Major causes of steady state APD rate dependence and S1S2 APD restitution.

A) APD rate dependence in control (solid black), and with [Na+]i and [Na+]ss clamped to slow rate (solid gray) or fast rate (dashed black) values. When late INa (dashed gray) or both late INa and ICaL inactivation gates were reset to their slow rate values (dash-dot-dot gray) in addition to [Na+]i and [Na+]ss slow rate clamp, APD lost almost all rate dependence. Note that slow rate [Na+]i and [Na+]ss clamp alone left residual APD rate dependence, especially at fast rates (CL = 300 to 700 ms, shaded box).
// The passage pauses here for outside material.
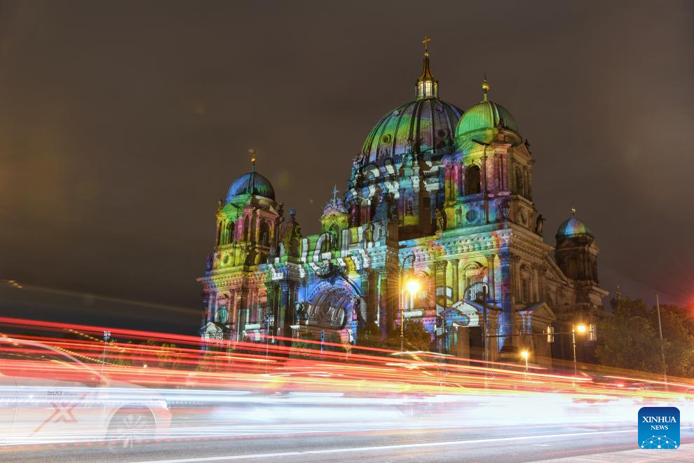 Esta foto de larga exposición tomada el 9 de octubre de 2025 muestra la Catedral de Berlín iluminada durante el Festival de las Luces 2025 en Berlín, Alemania. (Xinhua/Zhang Haofu).

B) APD rate dependence (control, solid black) was largely unaffected by resetting inactivation gates for late INa (dashed gray), ICaL (dash-dot-dot gray), or late INa and ICaL (solid gray) to their slow rate values (no [Na+]i and [Na+]ss clamping to slow rate values). C) [Na+]i and INaK increase with pacing rate under control conditions (left). When [Na+]i and [Na+]ss are clamped to slow rate values, INaK is small and rate independent (right). D) APD restitution in control (solid black), and when inactivation gates were reset to S1 values upon S2 delivery (late INa reset – dashed gray, ICaL reset – dash-dot-dot gray, late INa and ICaL reset – solid gray). Shown in dashed black is resetting late INa and ICaL inactivation to the DI = 5 ms value. E) [Na+]i and [Na+]ss clamp to S1 values (dashed gray) did not affect APD restitution (control, solid black).